Ich werde Dir jetzt das Gedicht von Rilke rezitieren, das Rilke für Menschen wie Dich gemacht hat. Und auch für Menschen wie mich. Menschen, die unendlich viel Leiden in der Kindheit erfuhren. Mißbrauch und Mißhandlung. Und viel, viel Wegsehen von allen Seiten. Wir beide sind Expertinnen im Ertragen von Menschen, die weggesehen haben. Und denen nie auch nur ein Wort über die Lippen kam.

Eine Chance auf ein würdiges Leben hat nur der, der sich von Menschen, die ihm nicht guttun, fernhält. Sonst erwachen die Dämomen der Kindheit.

Die Mißbraucher. Die Mißhandler. Und vor allem die Wegseher. Die etwas hätten tun können. Die etwas hätten sagen können. Aber die aus vollster Überzeugung weggesehen haben. Die Schweiger, die großes Unglück durch Ihr Schweigen erst unüberwindbar gemacht haben. Die, die uns ihre erbärmliche Feigheit als eine Tugend verkaufen wollen.

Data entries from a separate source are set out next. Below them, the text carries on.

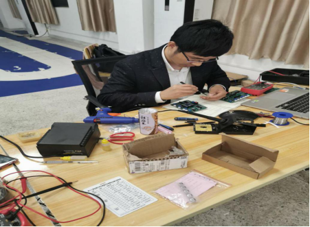 彭老師不僅僅“教書匠”,更是一個教育學生自己動手實踐的“工匠師”。在比賽前期,車模還沒有到位,彭老師便要求學生們自己動手,自主學習。很多學生第一次接觸焊接電路板,無從下手,彭老師便通宵教大家焊接工作,拿著電烙鐵拿著電路板,一遍又一遍不厭其煩地演示。盡管是熬了一個通宵,彭老師也沒有忘記他的本職工作,第二天一早又投身于日常教學工作當中。讓學生們感受到他作為教師的嚴謹以及作為朋友的溫暖,備賽團隊一起看每一個備戰凌晨的合職,一起為每一次任務的完成而歡呼!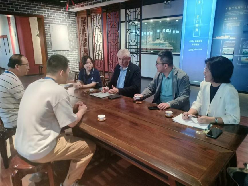 參觀后,貝雷先生與學(xué)院黨支部江文書記和翁國(guó)玲副院長(zhǎng)會(huì)面,就考察情況進(jìn)行溝通。雙方交流了學(xué)院在國(guó)際郵輪乘務(wù)管理專業(yè)的教學(xué)理念、師資力量及發(fā)展規(guī)劃,同時(shí)貝雷先生分享了郵輪企業(yè)在船員培訓(xùn)方面的經(jīng)驗(yàn)和需求,對(duì)共建國(guó)際郵輪船員實(shí)訓(xùn)基地表達(dá)了積極意愿。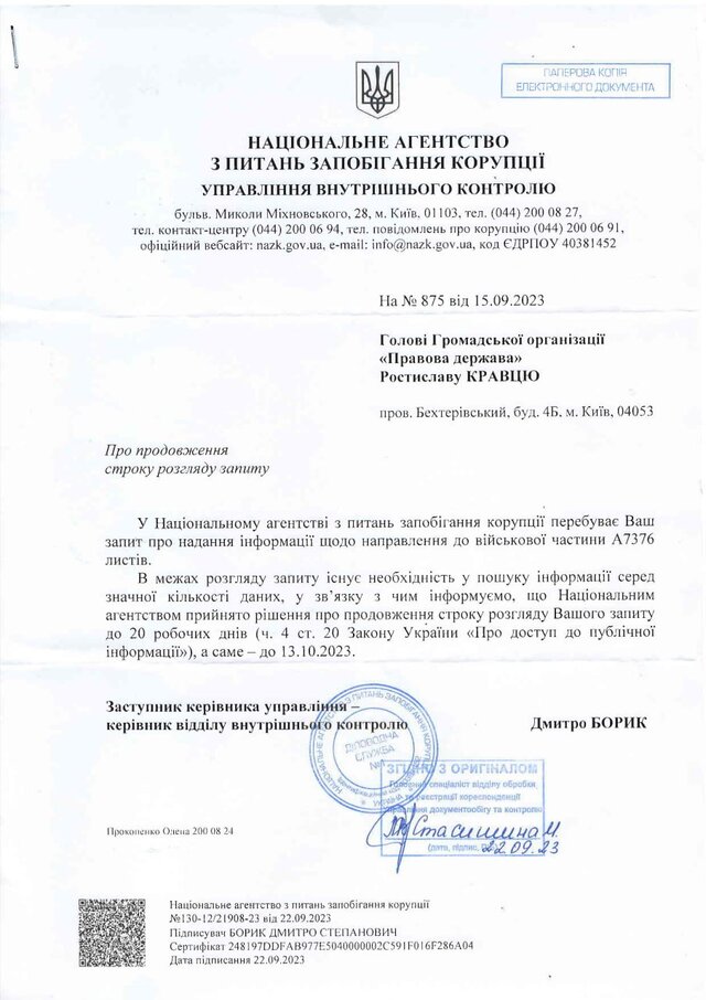 Лист НАЗК про продовження строку пошуку листів НАЗК щодо відкомандирування до них Шабуніна В.В.
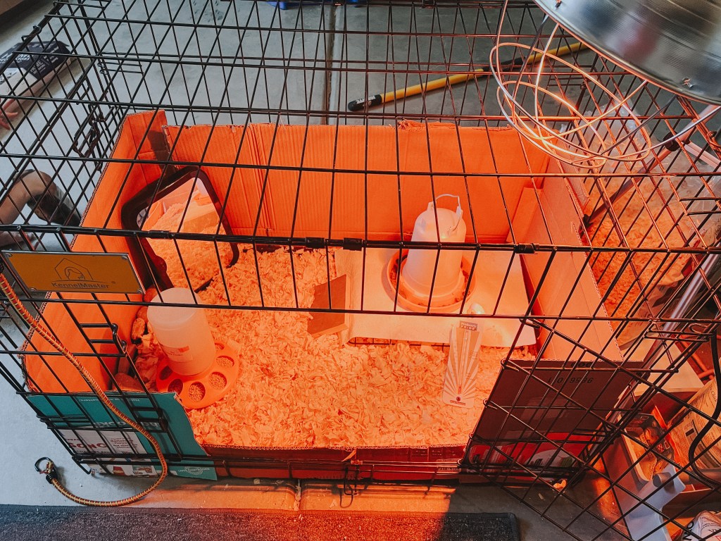 This was our brooder set up. We used Major’s old dog crate and lined it with cardboard attached via zip tie so they couldn’t slip through the cracks. It worked really well!

Die Tugend des Reinhaltens durch Leugnen.

Du hast so große Augen, Kind.
Du siehst gewiß oft nachts Gestalten,
die, fremd und bleich, in marmorkalten
Traumhänden rote Kronen halten,
um die ein Leuchten leise rinnt.
Dann ist dein Blick am Tag wie blind
und deine Seele wie zerspalten,
dann bangt dir vor dem Alltagsalten,
wenn Wunsche sich in dir entfalten,
die allen andern Wahnsinn sind.

Dann ist die Sehnsucht dir erwacht,
stolz zu entfliehn den eitlen Schreiern,
die plump, mit Händen, blöd und bleiern,
auf deiner Silberseele leiern
das irre Lied, das sterblich macht;
zu fliehn in eine blaue Nacht,
drin alle Wipfel lauschend feiern;
der Glieder Hymne zu entschleiern
und scheu im Schoß von weißen Weihern
zu finden ihre nackte Pracht.



Rainer Maria Rilke . 1875 - 1926

Dazu gibt es kaum mehr etwas zu sagen.